My interest in gender-specific discourse was triggered by the research I did for one of the eighteen chapters in my dissertation, “How Many Feminists Does it Take to Change a Light Bulb?” which is a study of the research that examines the differences in the way men and women approach and use humor and how this might inform the way in which the author of works attributed to William Shakespeare uses humor in the plays, thereby revealing an authorial gender bias. In 2004 I read about a computer program/algorithm developed by a Professor Moshe Koppel at Bar Ilan University in Israel, which could detect whether a text was written by a male or female with 80% accuracy. I used the online version of this program to test the sonnets purported to have been written by Will Shakespeare, against some of those written by his contemporaries. I found a more recent article by Professor Koppel, in which he developed a computer algorithm that explored the use of language coded as masculine and feminine in the works of Shakespeare. The conclusion of that study was the revelation of a writer who matured in later plays, demonstrating a growing understanding of the gender-specific linguistic differences between male and female discourse. I became curious about whether or not there was a significant difference between the language coded as masculine and feminine in the performance of stand-up comedians. So I began transcribing the work of some of my favorite comedians -- an equal ratio of male & female -- and running them through the online computer algorithm created by Professor Koppel. Early results were interesting. Comedy codes as primarily feminine. I had looked at a Stanford University study that conducted MRI brain scans of male and female subjects who were shown funny cartoons, the authors discovering that men and women process humor in fundamentally different ways. I emailed Professor Koppel and shared my preliminary findings. He has kindly offered to collaborate with me on this project, developing a more sophisticated computer algorithm specifically for this task.

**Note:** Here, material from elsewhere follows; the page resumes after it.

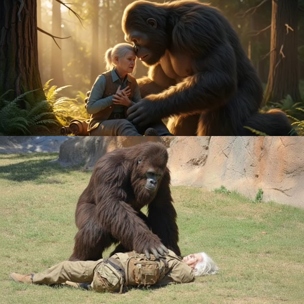 When the first rescue team arrived, they froze. Guns were drawn, tranquilizer darts were loaded, but no one dared fire. They saw a seven-foot beast hunched over a frail woman, his body quaking with grief and protective fury.

Since 1986 Marilynn has worked as a television producer and writing, producing more than 135 half-hour televisions shows in Australia and New Zealand, a series of television shows "Medicine and the Law" for the Australian Satellite television network and she has co-written two award-winning Christmas specials which were screened on the Hallmark channel in 2006 and 2007. In the past 11 years Marilynn has directed and/or produced more than 50 live performances at both university theaters and at local community theaters in Washington Stage and at La Sierra University.